About this task. What's needed is an exact copy of the lines from the one that contains "Luftaufnahme von der" to the end of the data below, leaving the pictures out.

(Saved entries)
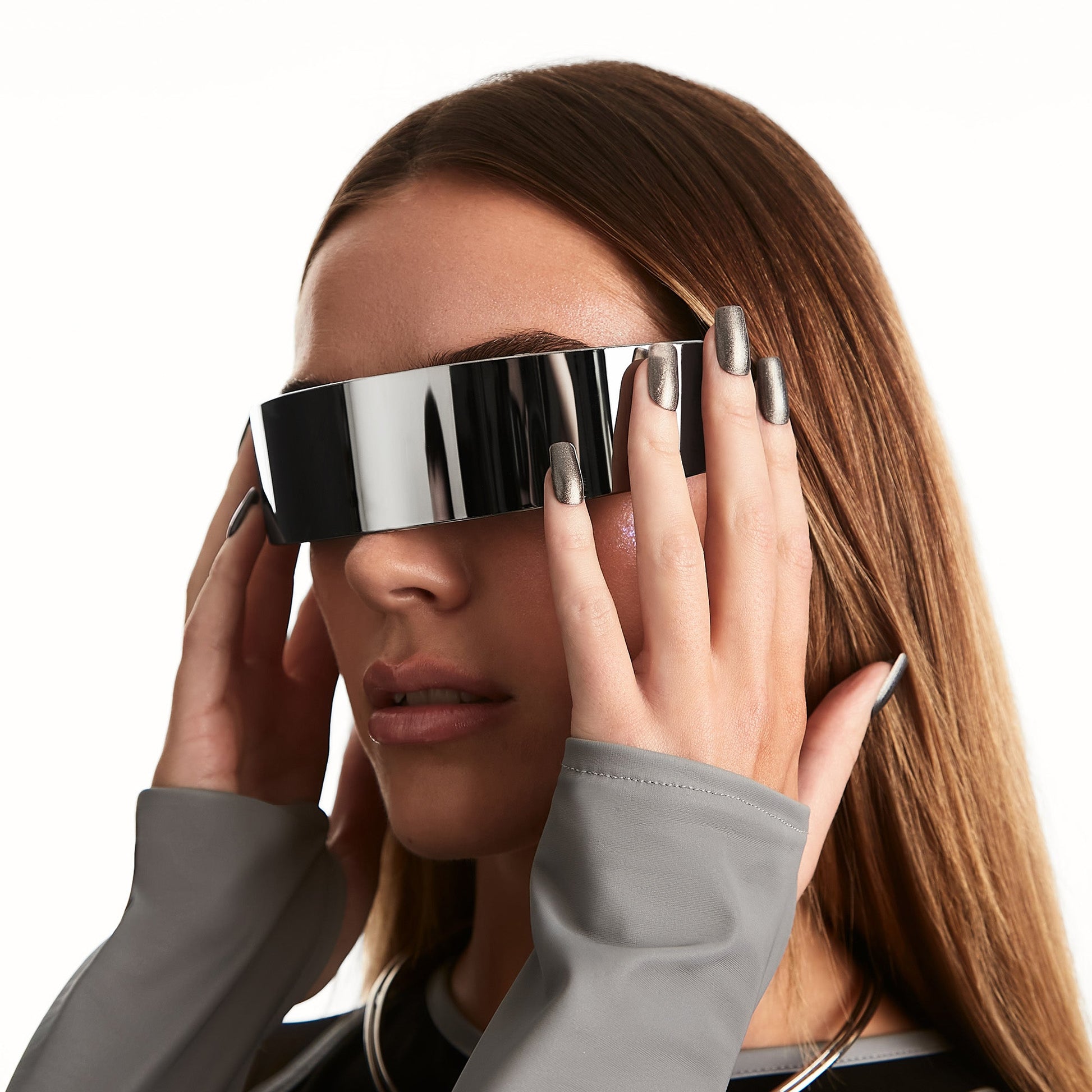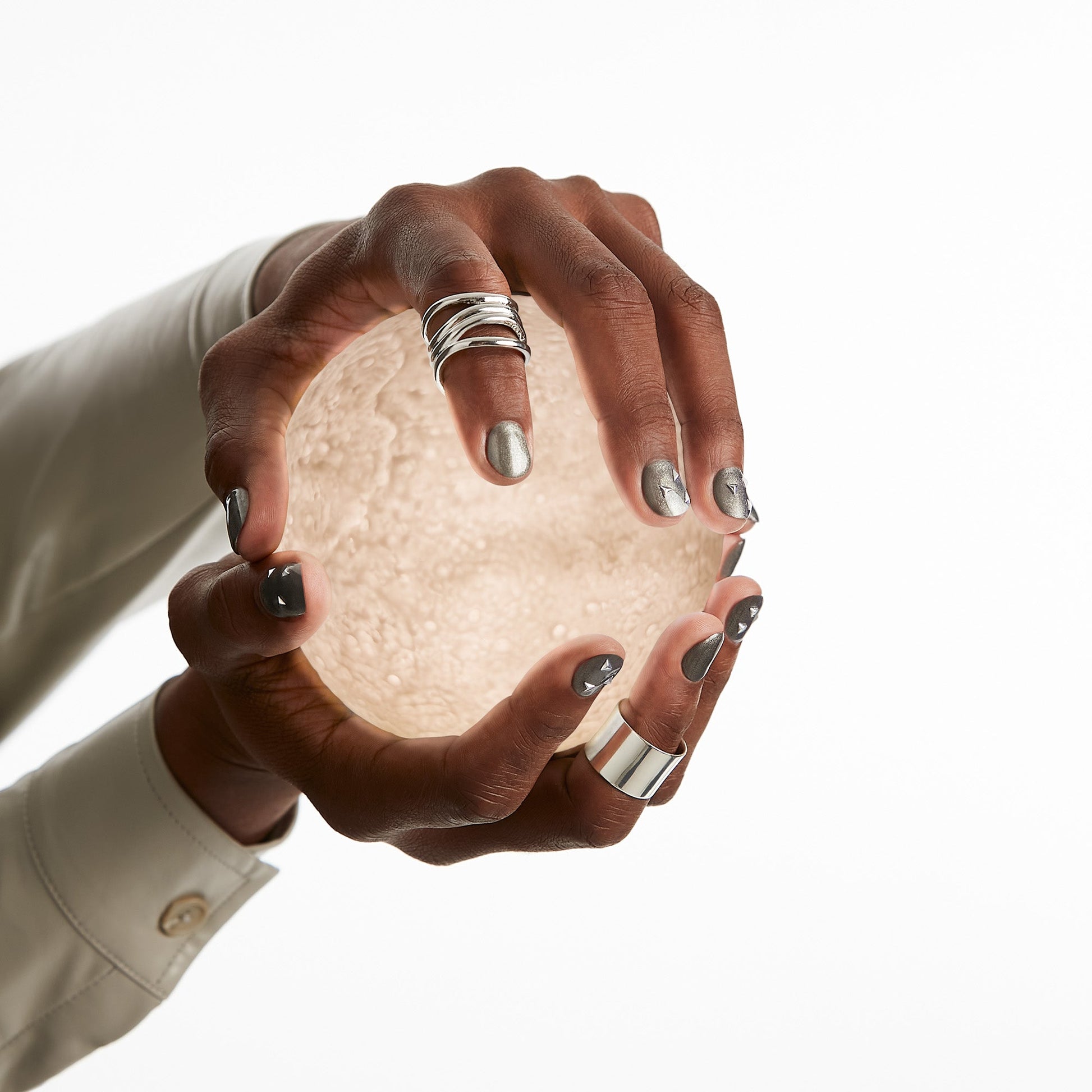 This dark grey nail polish with shimmering silver glitter is designed to look like the gun metal grey of a sci-fi spaceship. It’ll give your mani a futuristic, out of this world finish.
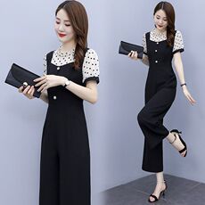 新款原创薄款长裤阔腿裤女夏装雪纺修身高腰连体衣套装 洋气 时尚
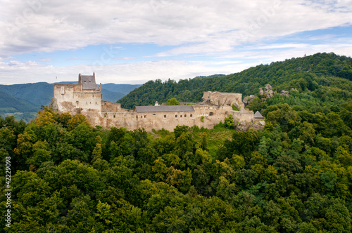 Luftaufnahme von der Burgruine Aggstein im Sommer.
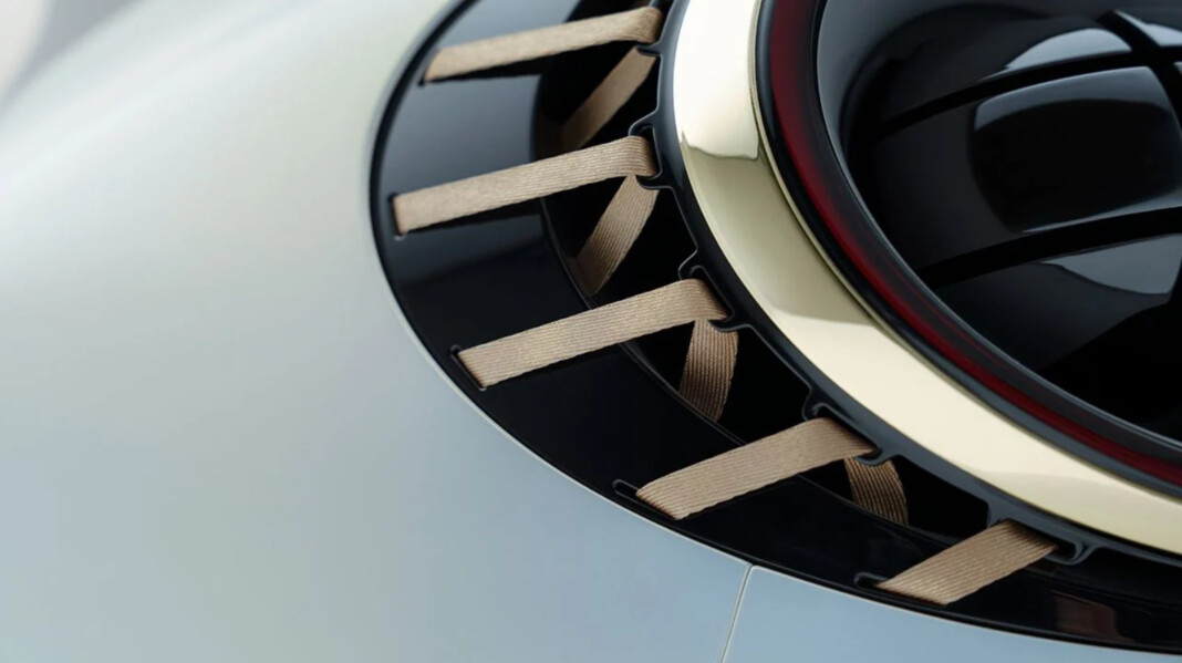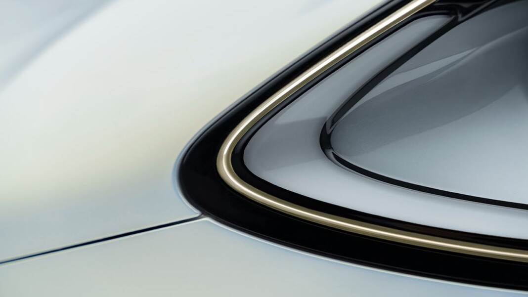 Бокова частина зберегла характерну форму захисної клітки Tridion, а колеса розташовані по краях кузова для кращої стійкості та ефективного використання простору. Також показані деталі з преміальним акцентом — матове біле покриття, золотисті вставки та декоративні елементи зі шкіри.
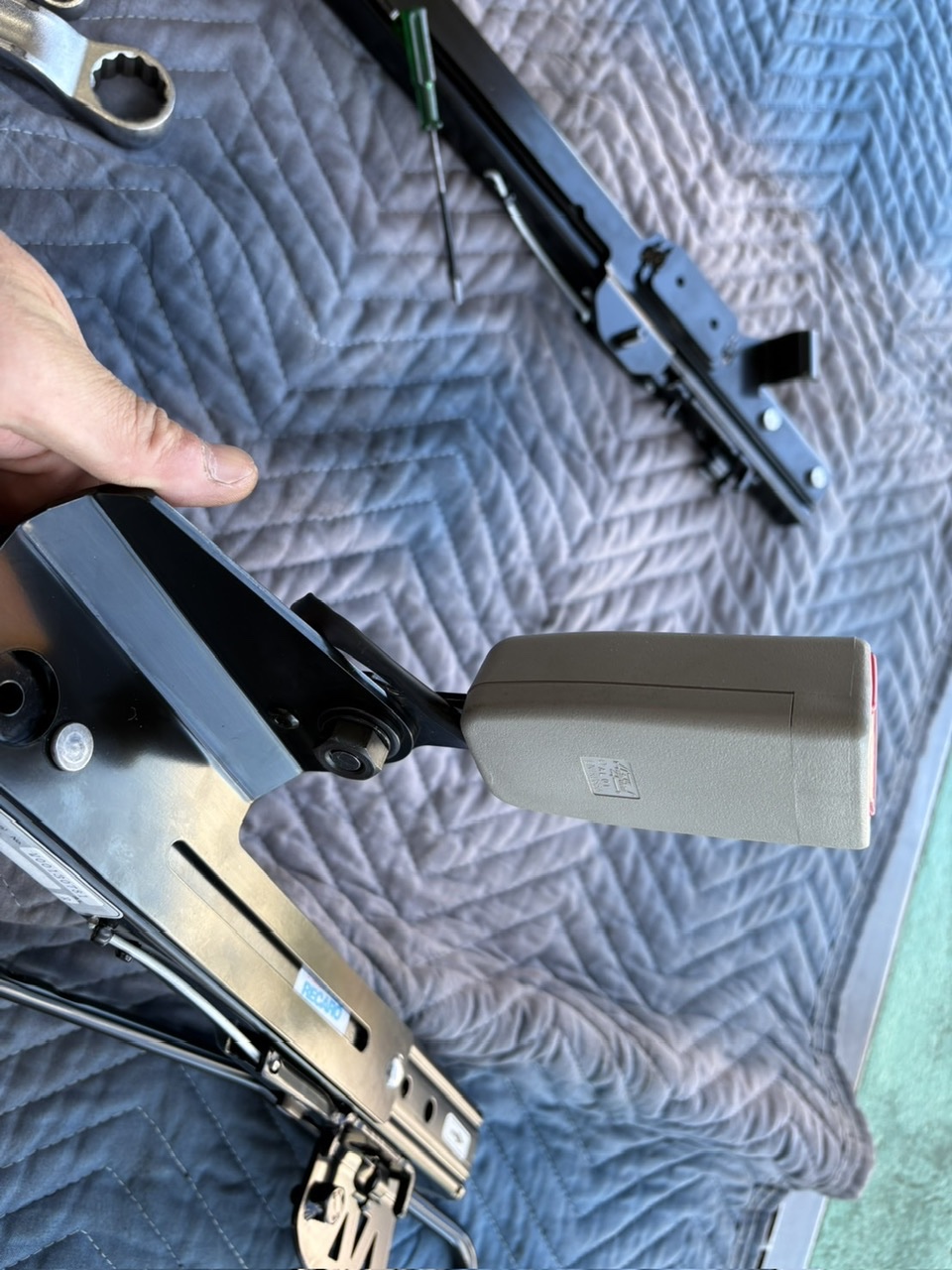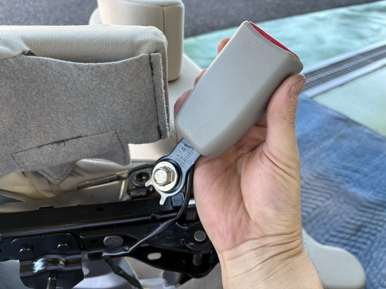 シートを外したらシートベルトのバックルを移植する為純正を取り外します!

Task output.
 Luftaufnahme von der Burgruine Aggstein im Sommer.
 Бокова частина зберегла характерну форму захисної клітки Tridion, а колеса розташовані по краях кузова для кращої стійкості та ефективного використання простору. Також показані деталі з преміальним акцентом — матове біле покриття, золотисті вставки та декоративні елементи зі шкіри.
 シートを外したらシートベルトのバックルを移植する為純正を取り外します!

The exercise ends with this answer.